The occurrence of the doily in this remarkable nonunimodular ring-theoretic setting is quite intriguing. We checked, case by case, all non-commutative associative rings with unity up to order 31 inclusive and found, up to the isomorphism, no other ring having a similar property. However, there does exist a ring of order 32 which is a promising candidate in this respect. This particular ring features 21 non-unimodular free cyclic submodules whose mutual relations seem to be expressible in terms of the structure of the split Cayley hexagon of order two; the latter is, like the doily, a generalized polygon and a distinguished subgeometry of the symplectic polar space of type $W(5,2)$ at that. We, therefore, surmise that the “phenomenon” described above is an example of a more general mathematical rule linking ring geometry and polar spaces (or generalized polygons).

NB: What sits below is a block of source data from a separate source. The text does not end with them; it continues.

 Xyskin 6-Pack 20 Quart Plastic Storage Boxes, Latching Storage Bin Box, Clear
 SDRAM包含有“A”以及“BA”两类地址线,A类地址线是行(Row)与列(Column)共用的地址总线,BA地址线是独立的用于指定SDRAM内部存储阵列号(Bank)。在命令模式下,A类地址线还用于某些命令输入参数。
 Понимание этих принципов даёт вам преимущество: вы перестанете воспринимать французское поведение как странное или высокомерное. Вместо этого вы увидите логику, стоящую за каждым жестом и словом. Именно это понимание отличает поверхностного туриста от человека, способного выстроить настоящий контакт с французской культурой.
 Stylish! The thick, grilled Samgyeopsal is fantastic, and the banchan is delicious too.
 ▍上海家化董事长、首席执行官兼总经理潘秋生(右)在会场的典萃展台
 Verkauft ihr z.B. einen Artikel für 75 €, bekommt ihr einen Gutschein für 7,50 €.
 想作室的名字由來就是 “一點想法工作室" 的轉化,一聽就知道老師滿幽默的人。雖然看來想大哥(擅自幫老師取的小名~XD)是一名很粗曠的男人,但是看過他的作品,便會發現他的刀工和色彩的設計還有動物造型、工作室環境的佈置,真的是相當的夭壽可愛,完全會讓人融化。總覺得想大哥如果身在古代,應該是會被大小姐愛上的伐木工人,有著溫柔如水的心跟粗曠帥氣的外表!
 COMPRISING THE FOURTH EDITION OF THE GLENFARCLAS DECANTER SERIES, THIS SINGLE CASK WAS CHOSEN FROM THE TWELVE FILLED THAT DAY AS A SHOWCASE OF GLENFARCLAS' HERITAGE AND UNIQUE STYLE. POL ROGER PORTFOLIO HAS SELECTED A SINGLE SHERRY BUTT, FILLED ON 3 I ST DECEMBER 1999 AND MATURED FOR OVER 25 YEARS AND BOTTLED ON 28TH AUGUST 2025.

This doily-based setting is also of considerable interest in view of possible physical applications. For example, among the finite geometric concepts relevant for the theory of quantum information, the doily—though in various disguises—has been recognized to play the foremost role. Firstly, being isomorphic to the symplectic polar space of type $W(3,2)$, it underlies the commutation relations between the elements of the two-qubit Pauli group [5] and provides us with the simplest settings for observable proofs of quantum contextuality. Secondly, being isomorphic to a non-singular quadric of type $\mathcal{Q}(4,2)$, it also lies in the heart of a remarkable magic three-qubit Veldkamp line of form theories of gravity and its four-qubit extensions [6]. Finally, being a subquadrangle of a generalized quadrangle of type GQ(2, 4), it enters in an essential way certain black-hole entropy formulas and the so-called black-hole/qubit correspondence [7].

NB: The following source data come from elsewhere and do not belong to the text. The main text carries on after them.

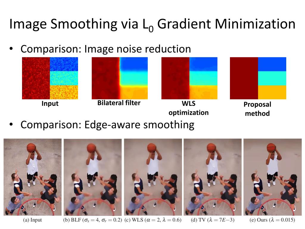 Image Smoothing via L0 Gradient Minimization • Comparison: Image noise reduction • Comparison: Edge-aware smoothing Bilateral filter Input WLS optimization Proposal method
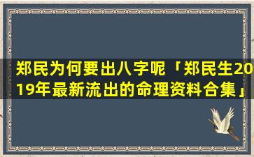 抱歉,我没有郑民生2019年流 🐧 出的命理资料合集。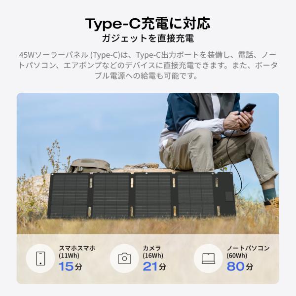 EcoFlow 45W (Type-C) ソーラーパネル 小型 太陽光発電 太陽光パネル ソーラー充電器 45W ソーラー 車中泊 キャンプ 防災 節電 折り畳み EcoFlow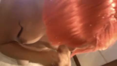 Девка с розовыми волосами отсасывает и дрочит в домашнем порно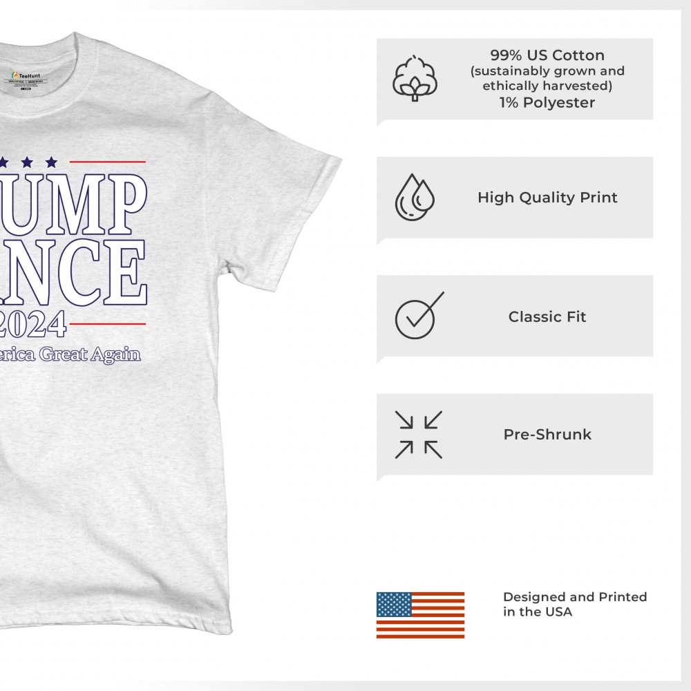 Show your support with the "Trump Vance 2024" design, perfect for rallies and patriotic events. Express your conservative values with pride.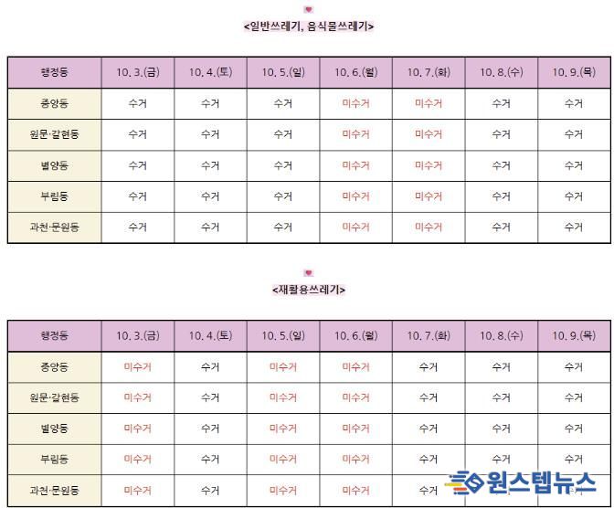 생활폐기물 수거는 일반 쓰레기의 경우 3일, 4일, 5일, 8일, 9일에, 재활용 쓰레기는 4일, 7일, 8일, 9일에 각각 수거된다.

It is, in particular, the first aspect of the above-mentioned three ones that our non-unimodular doily has a particular link to. For if we label its 15 points by the 15 elements (identity disregarded) of the two-qubit Pauli group in such a way that each of its 15 lines features three pairwise commuting elements, then each of the ten labeled copies of GQ(2,1) (also known in the physics community as Mermin “magic” squares) contained in the doily furnishes an observable-based proof of quantum contextuality (see, e.g., Section 2 and Figure 3 of [6] for a particularly illustrative description of this quantum phenomenon). It is quite appealing to realize that not only does our non-unimodular geometry exhibit the doily, but it also selects in the latter a particular copy of GQ(2,1) (see Figure 3). Moreover, it has recently been shown [8] that this contextual character of GQ(2,1) is preserved also for doilies embedded in arbitrary symplectic polar spaces of type $W(2N-1,2)$ and, thus, labeled by elements of the arbitrary N-qubit Pauli group, $N\ge 2$.